3.2. Experimental Design

Minitab^® Statistical Software (Minitab, LLC, Sate College, PA, USA, (2019)) was used to design a resolution IV Fractional Factorial screening experiment, using the Design of Experiment (DoE) function. A single replicate was included, which is sufficient for a screening design. A single replicate design allows the significant factors to be discerned but does not allow for definitive conclusions on factor effects, or for those factors to be optimized. However, since our aim was to discover which factors should be prioritized for optimization, this fractional factorial design (screening DoE) was adequate.

Eleven parameters (factors) were selected in the design: concentration, LC duration, collision energy, precursor per cycle, gas temperature, nebulizer voltage, sheath gas temperature, capillary voltage, nozzle voltage, fragmentor voltage and skimmer voltage, and were each tested at two levels, one low, one high (Table S1). These factors, levels, and their center points were determined based on mass spectrometry knowledge, literature review, GNPS recommendations and Agilent recommendations. The design included two experimental runs with all factors set at the centre point of the two levels, which increases the power of the design. Centre points can be used to determine whether the response surface is linear or curved. The final design had 34 runs per sample (see Table S1) for the settings of each run.

To evaluate the characteristics of the generated molecular networks, six responses were chosen: number of nodes in the network, average number of neighbours, number of self-loop nodes, number of edges, cluster coefficient, and average cosine score.

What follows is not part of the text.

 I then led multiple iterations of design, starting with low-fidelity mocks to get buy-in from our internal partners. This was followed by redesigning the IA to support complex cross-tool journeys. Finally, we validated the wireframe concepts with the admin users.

The number of nodes represents the number of metabolites represented by the network. Clustering co-efficient, average number of neighbours and number of edges are indicators of how molecular families are represented in the network. Average cosine scores are determined by the similarity of matches made between nodes in clusters. An increase in self-loop nodes is related to a decrease in clustering co-efficient and a decrease in number of edges, resulting from acquisition parameters that are sub-optimal. Alternatively, lowest intensity ions undergoing fragmentation produce spectra with higher noise ratios, and this noise can be represented by self-loop nodes.

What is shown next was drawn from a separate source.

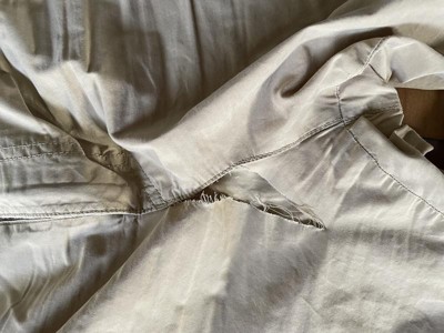 I bought these at the end of last year, I wore them twice, this year I wore them another two times and they split down the seam south of the zipper. I am very unhappy about this, your clothing and jackets are usually so well made.

3.3. Data Acquisition LC-MS²

High Resolution Electrospray Ionization Mass Spectrometry (HRESIMS) data were obtained from a Q-ToF Agilent 6540 in ESI (+) coupled to an Agilent 1290 Infinity II ultra-high performance liquid chromatography system (UHPLC), using a BEH C18 2.1 × 75 mm 1.7 µm column (Acquity, Waters, Milford, CT, USA). Mobile phases of H₂O (A) + 0.1% FA and CH₃CN (B) + 0.1% FA were used with a flow set to 0.5 mL/min. An injection volume of 5 µL of sample was used for all LC-MS² experiments. The following gradient was applied: isocratic hold of B at 10% for 2 min followed by increase of B to 100% over a 10 or 14 min (LC duration specified for that run), then an isocratic hold of B at 100% for 4 min and a final decrease of B to 10% over 1 min. A 2-min post-run after each injection for equilibration. Other parameters for a standard LC-MS² experiment were set to low or high values as specified in the fractional factorial experimental design (Table S1).

3.4. File Conversion

LC-MS² data were converted from. d (Agilent data format) to. mgf using MS convert, part of the ProteoWizard sofware package [22].

3.5. Classical Based Molecular Networking

Molecular networks were created using the online workflow on the GNPS website (http://gnps.ucsd.edu, accessed on 22 February 2022). The data were filtered by removing all MS² fragment ions within +/− 17 Da of the precursor m/z. MS² spectra were window filtered by choosing only the top six fragment ions in the +/− 50 Da window throughout the spectrum. The precursor ion mass tolerance was set to 2.0 Da and the MS² fragment ion tolerance to 0.5 Da. A network was then created where edges were filtered to have a cosine score above 0.7 and more than six matched peaks. Further, edges between two nodes were kept in the network only if each of the nodes appeared in each other’s respective top 10 most similar nodes. Finally, the maximum size of a molecular family was set to 100, and the lowest scoring edges were removed from molecular families until the molecular family size was below this threshold. The spectra in the network were then searched against GNPS spectral libraries. The library spectra were filtered in the same manner as the input data.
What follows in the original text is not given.